- What is being asked -
Using only the entries below, copy exactly the lines that begin at the one with "机器人给管道做检测、帮助人体" and end at the one with "为深入贯彻落实党的二十大精神", both included. Drop the pictures.

- Records contained in a dataset -

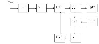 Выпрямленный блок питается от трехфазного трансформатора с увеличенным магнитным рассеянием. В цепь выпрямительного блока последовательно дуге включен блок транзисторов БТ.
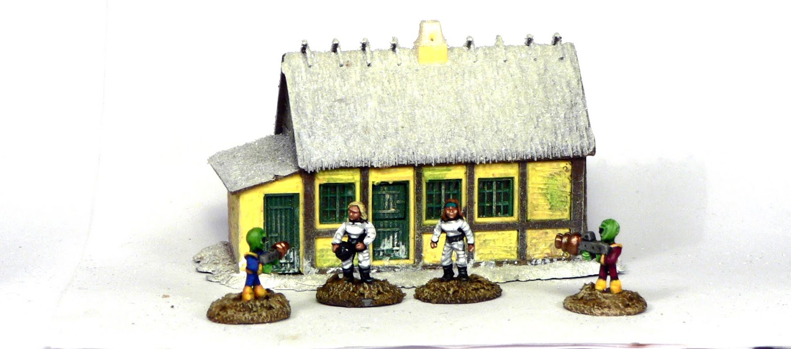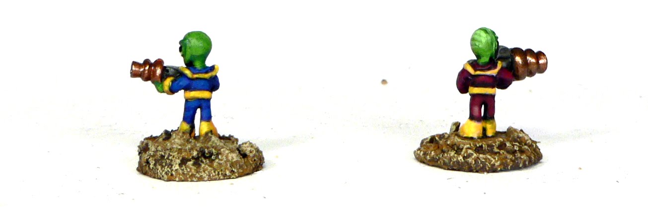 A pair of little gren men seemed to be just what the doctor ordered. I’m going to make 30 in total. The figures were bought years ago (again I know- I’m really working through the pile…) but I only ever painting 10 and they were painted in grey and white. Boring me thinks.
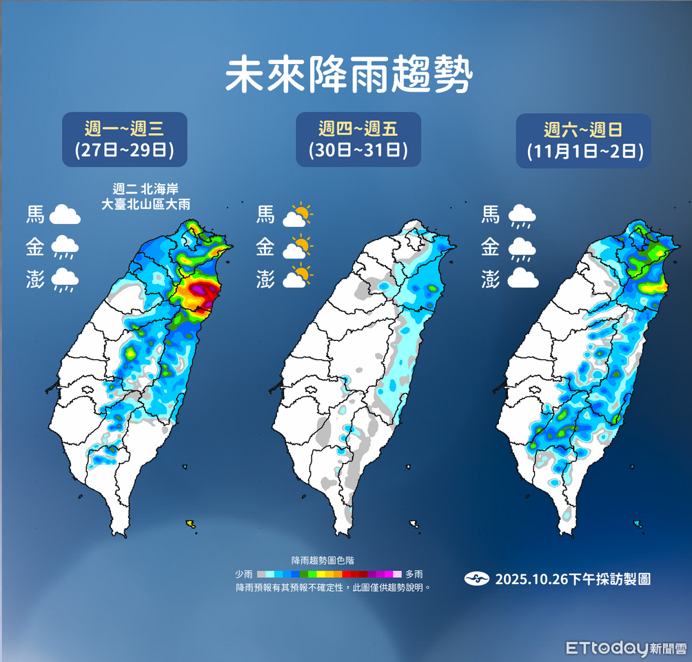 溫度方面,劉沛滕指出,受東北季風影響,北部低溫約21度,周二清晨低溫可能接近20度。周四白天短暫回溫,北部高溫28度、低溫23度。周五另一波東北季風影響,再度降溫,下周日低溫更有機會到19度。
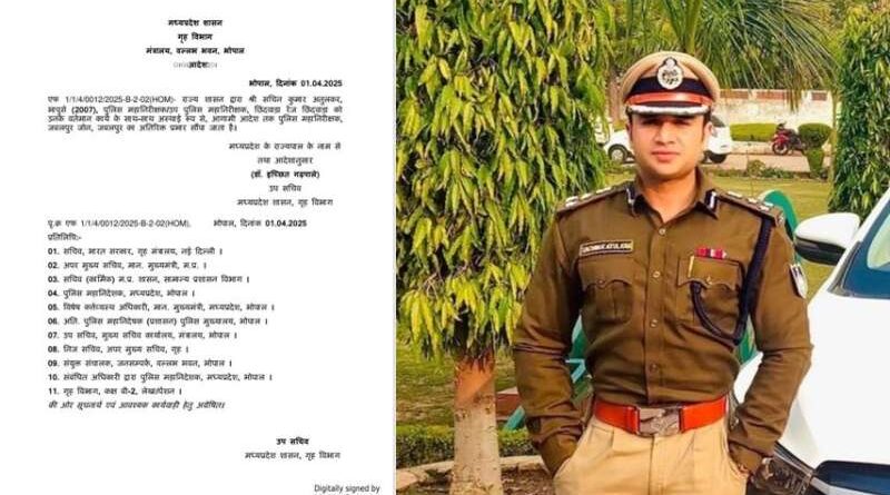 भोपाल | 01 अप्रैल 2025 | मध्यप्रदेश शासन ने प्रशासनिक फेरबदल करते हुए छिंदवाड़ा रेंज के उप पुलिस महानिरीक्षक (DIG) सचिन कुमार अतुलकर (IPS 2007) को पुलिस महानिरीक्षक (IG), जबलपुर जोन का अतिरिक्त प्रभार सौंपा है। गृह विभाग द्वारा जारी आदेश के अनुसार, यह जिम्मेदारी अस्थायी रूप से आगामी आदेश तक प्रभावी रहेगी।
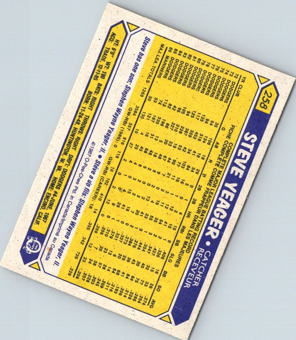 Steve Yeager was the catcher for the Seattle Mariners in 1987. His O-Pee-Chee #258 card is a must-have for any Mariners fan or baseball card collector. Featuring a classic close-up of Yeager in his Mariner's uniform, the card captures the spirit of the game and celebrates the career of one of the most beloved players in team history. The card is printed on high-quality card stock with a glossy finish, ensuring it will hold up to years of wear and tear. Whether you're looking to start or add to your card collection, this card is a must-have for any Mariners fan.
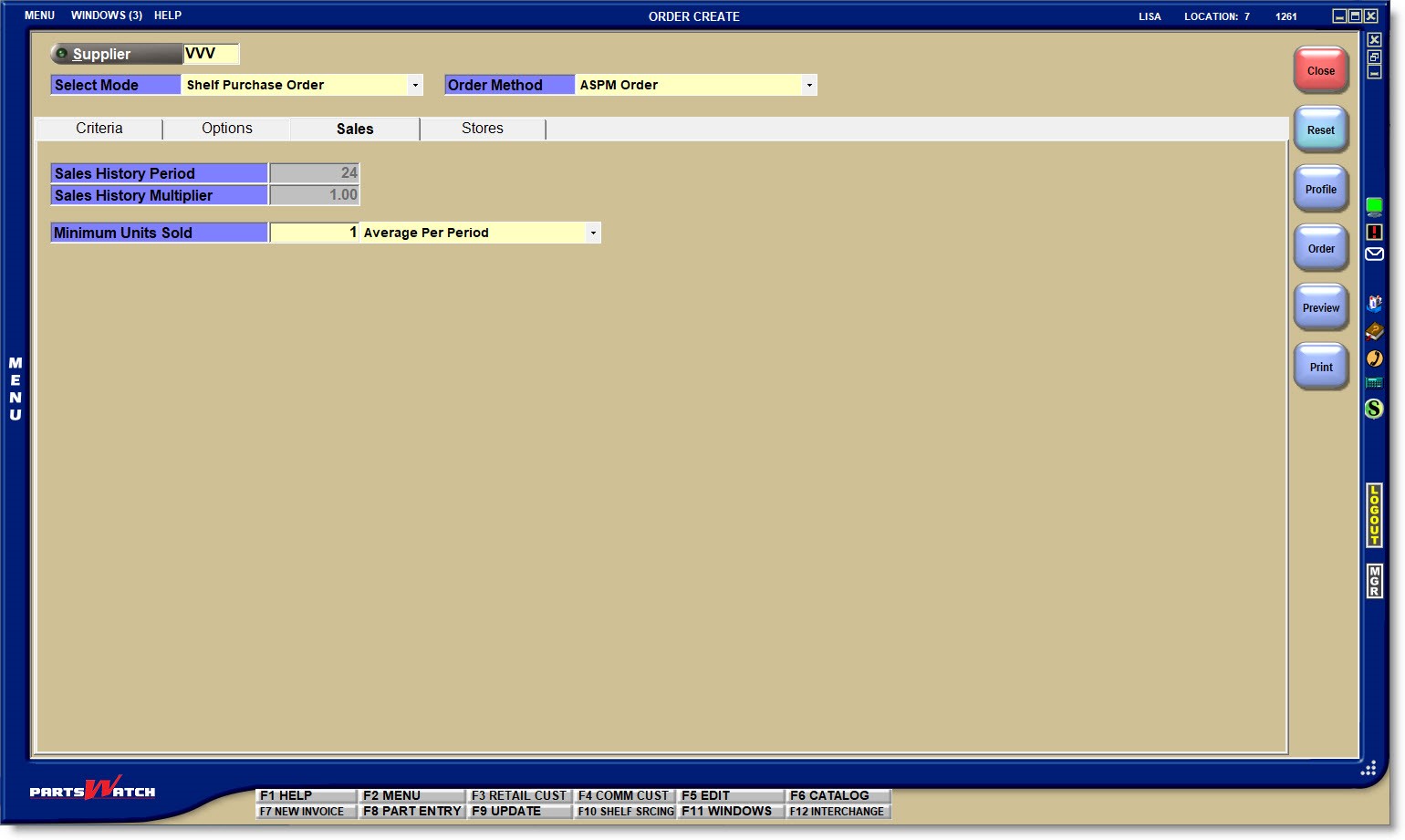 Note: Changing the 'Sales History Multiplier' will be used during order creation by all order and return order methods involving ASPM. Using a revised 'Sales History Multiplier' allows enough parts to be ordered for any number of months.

---

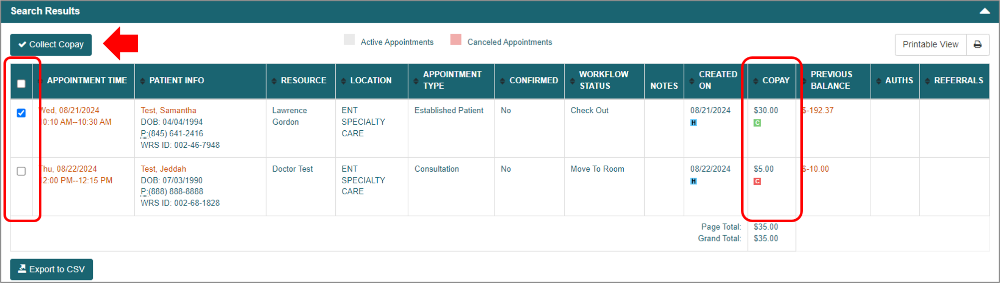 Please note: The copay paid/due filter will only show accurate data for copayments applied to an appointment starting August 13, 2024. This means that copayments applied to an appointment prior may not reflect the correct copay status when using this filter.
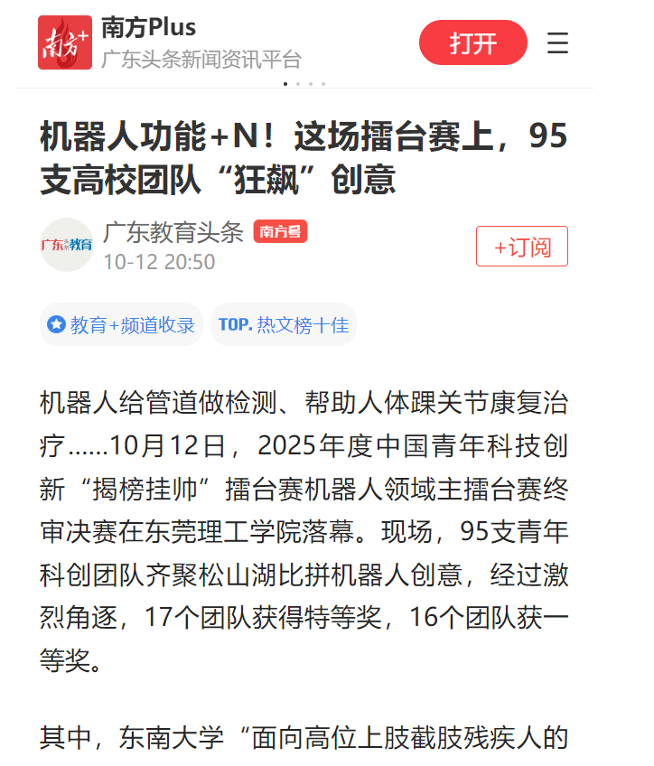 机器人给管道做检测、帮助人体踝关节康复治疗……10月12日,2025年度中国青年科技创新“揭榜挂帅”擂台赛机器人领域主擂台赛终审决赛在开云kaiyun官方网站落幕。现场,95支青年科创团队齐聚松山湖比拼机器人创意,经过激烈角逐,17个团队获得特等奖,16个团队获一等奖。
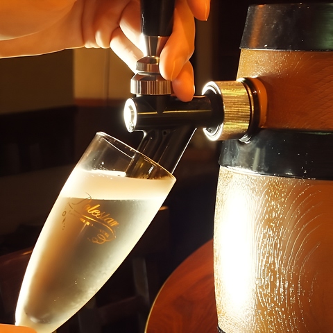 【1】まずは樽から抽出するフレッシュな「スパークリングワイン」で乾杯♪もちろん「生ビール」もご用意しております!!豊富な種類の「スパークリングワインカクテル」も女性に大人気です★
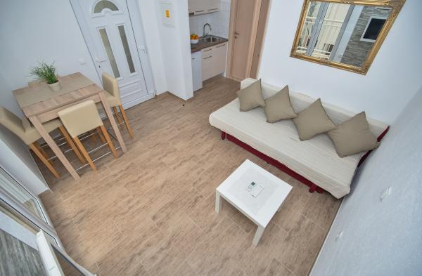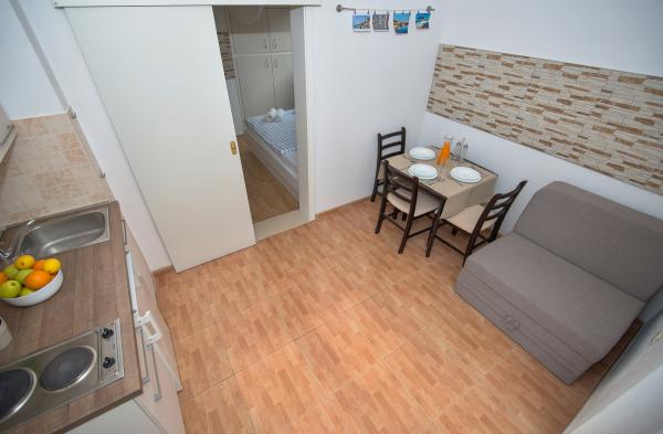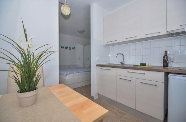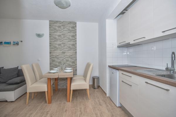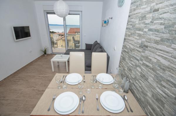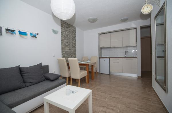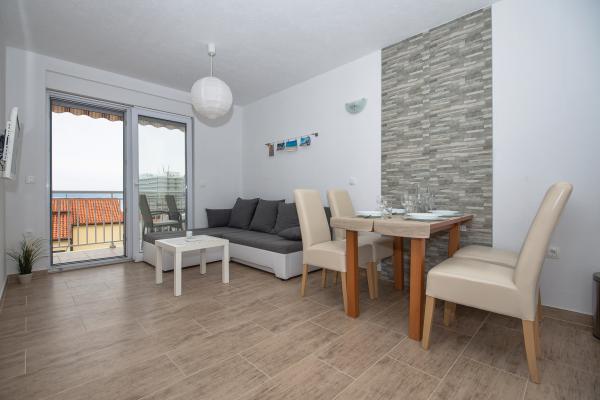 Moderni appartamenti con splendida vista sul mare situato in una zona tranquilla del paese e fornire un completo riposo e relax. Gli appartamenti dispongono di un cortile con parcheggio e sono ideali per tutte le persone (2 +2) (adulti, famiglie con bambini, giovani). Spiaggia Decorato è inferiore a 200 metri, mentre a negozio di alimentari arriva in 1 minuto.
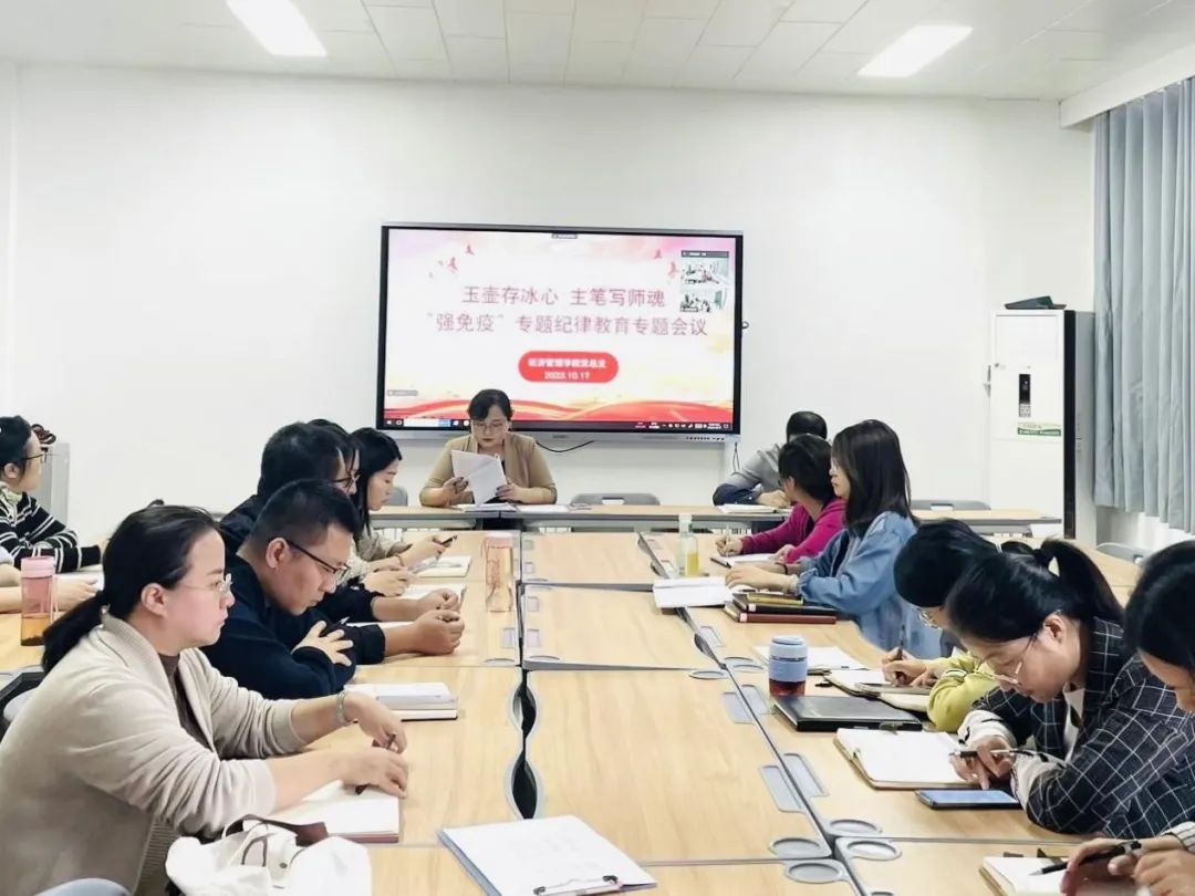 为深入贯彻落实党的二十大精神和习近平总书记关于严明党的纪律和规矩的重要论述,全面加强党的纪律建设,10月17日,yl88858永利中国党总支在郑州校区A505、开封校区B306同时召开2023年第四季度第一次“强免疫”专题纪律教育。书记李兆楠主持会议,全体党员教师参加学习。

- Task response -
 机器人给管道做检测、帮助人体踝关节康复治疗……10月12日,2025年度中国青年科技创新“揭榜挂帅”擂台赛机器人领域主擂台赛终审决赛在开云kaiyun官方网站落幕。现场,95支青年科创团队齐聚松山湖比拼机器人创意,经过激烈角逐,17个团队获得特等奖,16个团队获一等奖。
 【1】まずは樽から抽出するフレッシュな「スパークリングワイン」で乾杯♪もちろん「生ビール」もご用意しております!!豊富な種類の「スパークリングワインカクテル」も女性に大人気です★
 Moderni appartamenti con splendida vista sul mare situato in una zona tranquilla del paese e fornire un completo riposo e relax. Gli appartamenti dispongono di un cortile con parcheggio e sono ideali per tutte le persone (2 +2) (adulti, famiglie con bambini, giovani). Spiaggia Decorato è inferiore a 200 metri, mentre a negozio di alimentari arriva in 1 minuto.
 为深入贯彻落实党的二十大精神和习近平总书记关于严明党的纪律和规矩的重要论述,全面加强党的纪律建设,10月17日,yl88858永利中国党总支在郑州校区A505、开封校区B306同时召开2023年第四季度第一次“强免疫”专题纪律教育。书记李兆楠主持会议,全体党员教师参加学习。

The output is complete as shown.